Last April, as a follow-up to revelations that Wal-Mart had allegedly covered up bribes paid by its Mexican subsidiary, the great Corporate Counsel reporter Sue Reisinger ran a very surprising piece. Despite the scandal engulfing Wal-Mart, defense lawyers told Reisinger that the company may have made a strategically smart decision not to disclose the matter to the government. Smart? Really? Would Wal-Mart’s alleged bribery have blown up into a public relations fiasco that cried out for governmental consequences if the company had quietly admitted the facts to the Securities and Exchange Commission or the Justice Department?
I figured Dodd-Frank’s whistle-blower provisions would make corporate self-reporting even more of a no-brainer, since insiders now have not only a moral and legal incentive but also a powerful financial motive to alert the SEC when they suspect wrongdoing. According to BuckleySandler partner Thomas Sporkin, who until last June was chief of the SEC’s Office of Market Intelligence, the commission receives 1.2 whistle-blower tips a day, on average. If I were a corporate official wondering whether to self-report, I’d assume that one of those tips was about my company and run to the feds before they came to me.

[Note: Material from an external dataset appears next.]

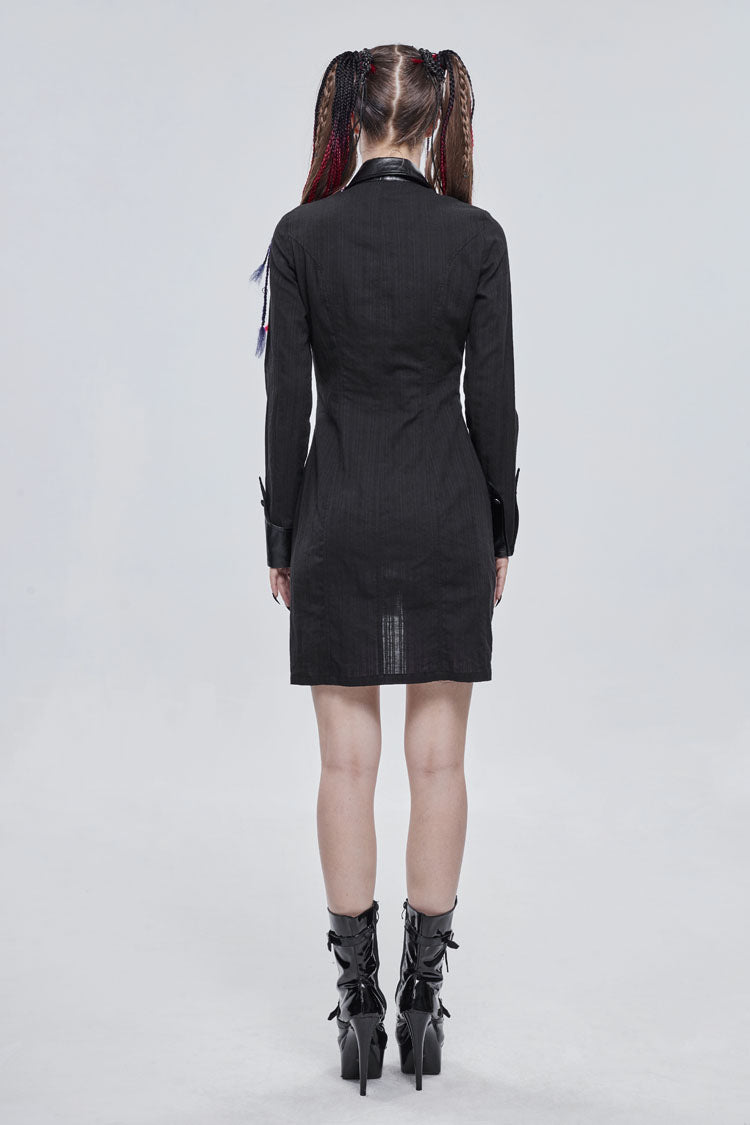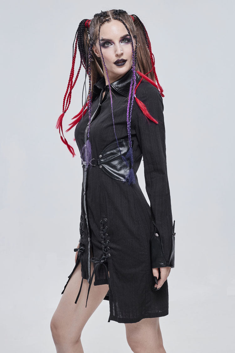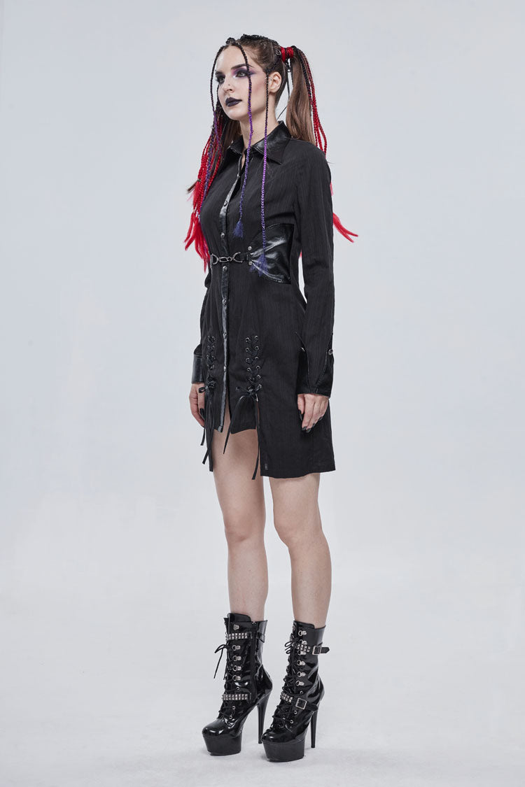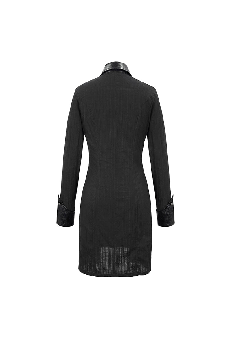 The main material is shirting material with vertical stitching, the collar and waist are made of leather, and the front center is decorated with a metal buckle design. The whole garment reaches into the thighs.

But according to several of the most prominent SEC enforcement advisers in Washington, w ho were speaking Thursday at Securities Docket’s Securities Enforcement Forum, corporations should think hard about the decision to confess their sins or handle problems internally. “You have to decide whether the issue merits the government’s involvement,” said William McLucas of Wilmer Cutler Pickering Hale and Dorr in a follow-up phone conversation Friday. Even in an era in which “you have to assume there are no secrets,” McLucas said, problems that fall short of systemic wrongdoing call for judgment, not reflexive confession. “That’s why you have compliance systems and controls,” he said.
William Baker of Latham & Watkins told me Friday that under Dodd-Frank, companies have to be wary that whistle-blowers will go to the SEC, but, like McLucas, said there is a range of problems that can be handled effectively enough in-house that even if the SEC launches an investigation, the agency will be satisfied with the company’s response. If, on the other hand, the wrongdoing involves anything that would affect public disclosures, Baker said, it must be reported. “It’s a very difficult, very nuanced decision for a company,” he said.
It’s also difficult for outside counsel, McLucas said at Thursday’s conference. If outside lawyers recommend that clients throw themselves on the mercy of the government and the government doesn’t show mercy, that’s not a good outcome for the lawyers. Clients, Baker added, also have to think about the higher cost of dealing with a government investigation rather than handling a problem internally. In a panel on the Foreign Corrupt Practices Act, former SEC FCPA enforcement chief Cheryl Scarboro of Simpson Thacher & Bartlett said that while government policy is to reward self-reporting, it’s not always clear what the benefits are. And if companies do report that they’ve made illegal payments to officials in one country, added Joseph Warin of Gibson, Dunn & Crutcher, they often find their practices in other countries under investigation.